Last year my friend and crewmate Jamon passed away from cancer at 41 years old. Jamon (aka J.A.M.O.N.) has been fam in my city of Austin, Texas for decades. We went to the same high school, a generation removed from each other, and I met him while attending college 30 minutes away in the city of San Marcos. He always loved Cajual and I remember him losing his shit at that first house party when I dropped some Green Velvet. Ten years later he was still losing it when we were part of the 4Jackz crew and I’d drop something he liked. Jamon was always Jamon!
At his funeral I was humbled to see his family, struck by all of the extended fam Jamon had touched with his music. I wanted to say something when the opportunity was given that day but I probably wouldn’t have said it right let alone finish so I’ll say it here.
We keep doing this DJ stuff and maybe someone here can do it, but most of us… we’re not going to “make it.” Jamon absolutely could have.
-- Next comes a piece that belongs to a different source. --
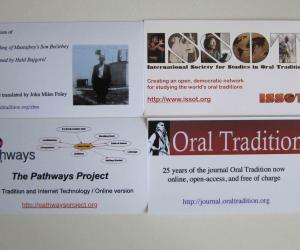 国内外的学者和机构分别介绍了各自所做的资料与研究网络平台的建设情况。美国弗里教授的演讲给人留下的印象特别深,他带来了印制精美的四张名片大小的卡片,上面分别是口头传统中心四个不同网络平台的网址,弗里教授介绍一个情况,就给大家分发一张卡片,希望大家记住并使用其网络资源。口头中心的杂志创办25年,在杂志的网络平台上,可以检索全部刊发文章,并且可以使用多种检索方式,比如可以检索到25年来所刊发的有关中国口头传统研究的40余篇文章。弗里教授他们的网络还专门设计了中文版,以期方便中国学者使用。听弗里教授的介绍,给人的感觉是,他们唯恐你不使用、或不会使用他们的资料,他们愿意提供一切使用资源的便利条件。
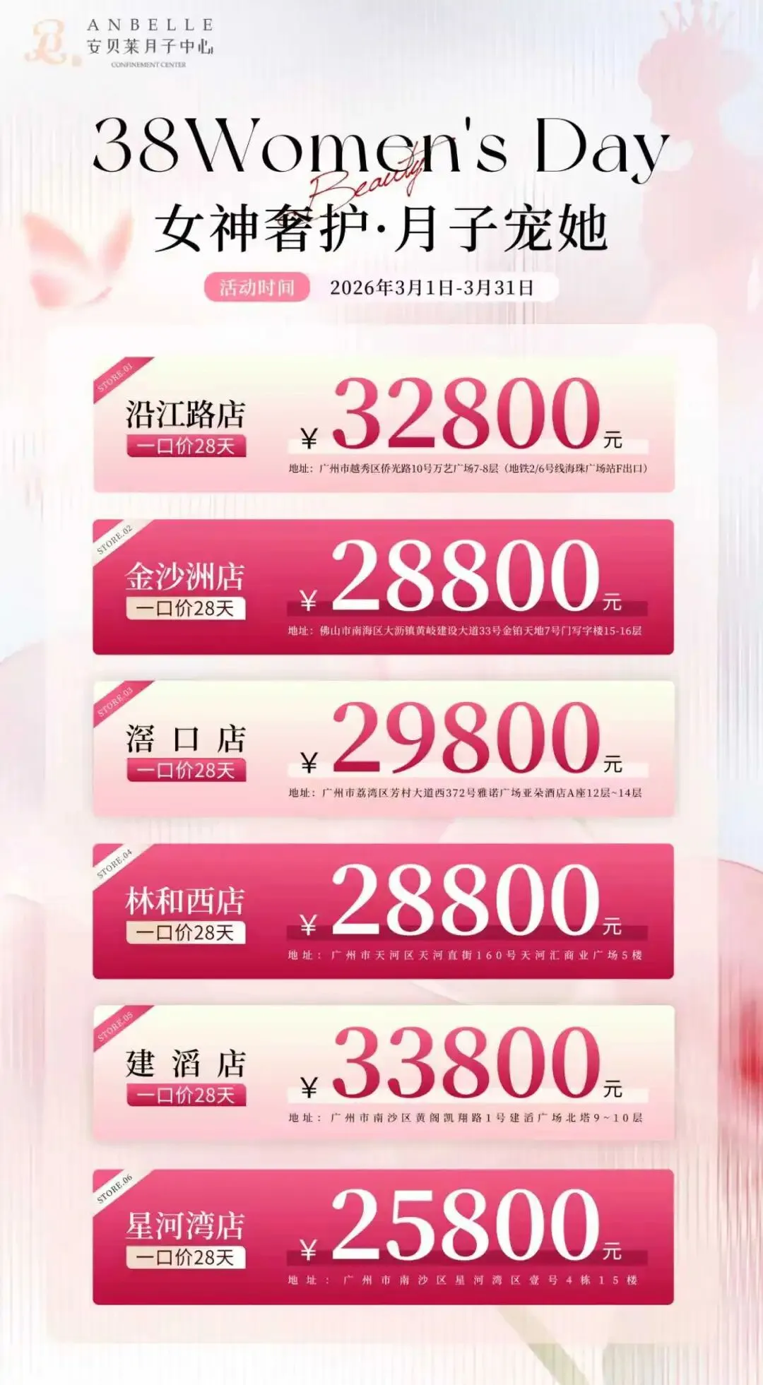探店好礼【广州6店】安贝莱月子中心,女神奢护·月子宠她,一口价28天!签单尊享,再加送1680孕婴童专属大礼包!可预约探店!

We can all consider ourselves lucky if we make ANYTHING doing this DJ stuff sometimes!
And so because I’m a lifer and because I’m not going to stop doing this thing, I want to say that the currency I have always found most valuable in my own personal journey is the respect and the love that we, as fam, trade with one another. Jamon was never one to short change anyone on that tip. You know, if I linked him a mix that I had just recorded, he would listen to it. There were times I’d be playing and he would stop me, look me straight in the eye and say with sincere conviction: “BADASS.”
Now I ask you what is more valuable than an honest compliment from your fam?
So don’t let the times you’re looking toward, or looking back to for that matter, blind you from what you ought be focused on. The point of all of this is seeking, finding and nurturing relationships. Find the fam you can ride that roller coaster with through it all. Expand it. Cherish it. Speak your truth to it and through it. Let’s live together.